One of my colleagues pointed out to me this week that I have not yet commented much on the topic of Cloud computing.  I have to be honest – it could be because I have a bit of an eye-rolling reaction to “the Cloud.”

Value behind the marketing hype

I do think there is a great deal of client value in the agility and cost efficiency of implementing an IT environment that takes advantages of “Cloud technologies” – public and/or private.  My eye-rolling is provoked by the marketing hype use of Cloud as a buzzword.

For example, Microsoft’s “To the Cloud” TV commercials.  These showcase what I have for many years called an Internet app.   It reminds me of when an IBM distinguished engineer explained Enterprise Java Beans to me years ago and I said “OK, it a data structure – I learned about those in high school.”   Then a few years later he educated me on Web Services  – “Again,  I learned about remote procedure calls in high school.”   His response both times was along the lines of – “basically they are the same concepts – but this is a new evolution that merges in important advances in technology standards.

I similarly consider Cloud computing to be an evolution of Internet applications and services that merges in advances in virtualization standards.   This important evolution automates capacity growth – dramatically saving time and cost.  What is even more interesting is how this advance enables computing infrastructure and platform services via the Internet – in addition to the applications themselves.

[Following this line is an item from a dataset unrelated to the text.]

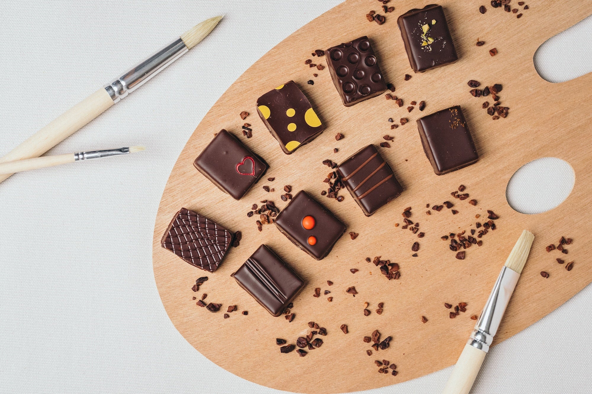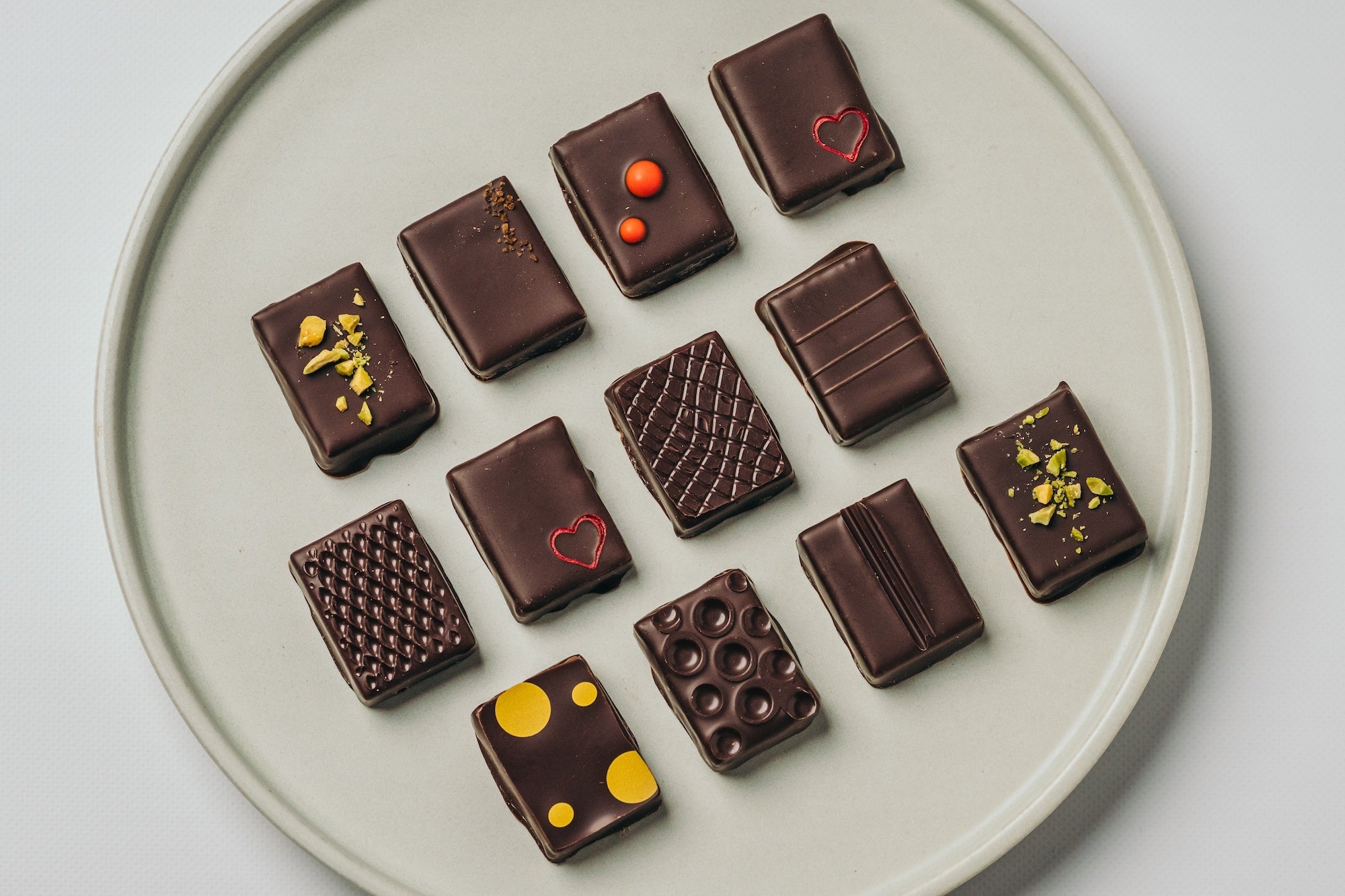 ガナッシュやプラリネからコーティングまで全て手作業によって生まれた“ビーントゥバー”のボンボンショコラ。厚さは口どけと食感をベストに感じられる約10mmに設定。産地別のカカオ本来の香りを引き出したガナッシュに、見た目にも美しいコーティングを施しました。

That’s the real value here – not just the marketing buzzword value of saying a Web app is on the Cloud.

Data management and Big Data analysis via the Cloud

So how does that relate to the topic of this blog?  Database software and other information systems, such as the Hadoop-based InfoSphere BigInsights, are now being used more easily and cost effectively by those accessing them as either private or public Cloud services.  IBM offers DB2, Informix and InfoSphere software as services deploy-able  in a private Cloud environment, or accessible as a service from the IBM SmartCloud or via Cloud service partners.

For those interested in understanding the value  of a private cloud environment, I would suggest reading:  A study on reducing labor costs through the use of IBM Workload Deployer.     And for an understanding of how the competition stacks up, Roman Kharkovsi does a nice job in: Comparison of two private cloud tools from IBM and Oracle.

While I am at it, Roman has another related post:  Comparison of IBM and Oracle public cloud offerings (SaaS, PaaS, IaaS)    You may also want to check out the client success stories highlighted at the IBM SmartCloud.

It’s all about improving IT Economics

So what do you think?  Is all this Cloud talk just over hype, or are you using Cloud technologies to improve IT economics – enabling you to actually do more with less?

January 23, 2012 / berniespang

In today’s economy, budgets are for rapid value, not misleading hype

I read and heard a few seemingly unrelated items this week that led me to the title of this week’s post.    First were the IBM 4Q and 2011 results and our CFO’s presentation and Q&A with financial analysts, next an analysis of these results in context of other technology providers, and finally was Conor O’Mahony’s analysis of recent Oracle benchmarks.

Positive results

IBM results were positive and accompanied by other encouraging indicators of IT demand, while Oracle had recently suggested that its latest disappointing results were  largely due to a general market slowdown.   I was particularly happy to hear IBM CFO Mark Loughridge say:

“Information Management grew 9 percent and again gained share. Our Distributed Database grew double digits led by strong performances from our Netezza offerings, which were up nearly 70 percent. …. For the quarter, almost a third of the transactions were with new Netezza clients.  Since acquiring Netezza, IBM has expanded its customer base by over 40 percent. And when we go head-to-head against competition in Proof of Concepts we had a win rate of over 80 percent this quarter. Our business analytics software offerings, most of which are part of Information Management, continue to outpace the market with double-digit growth.”

But it was an answer he gave to an analyst question that really stuck with me.   An analyst asked something along the lines of do you see a general tightening of CIO budgets?   Mark’s reply included a point that clients are focusing their spending on things that will rapidly deliver value to the business.   And that IBM results reflect our ability to bring that value to our clients.  (You can find a replay of the call at the link above).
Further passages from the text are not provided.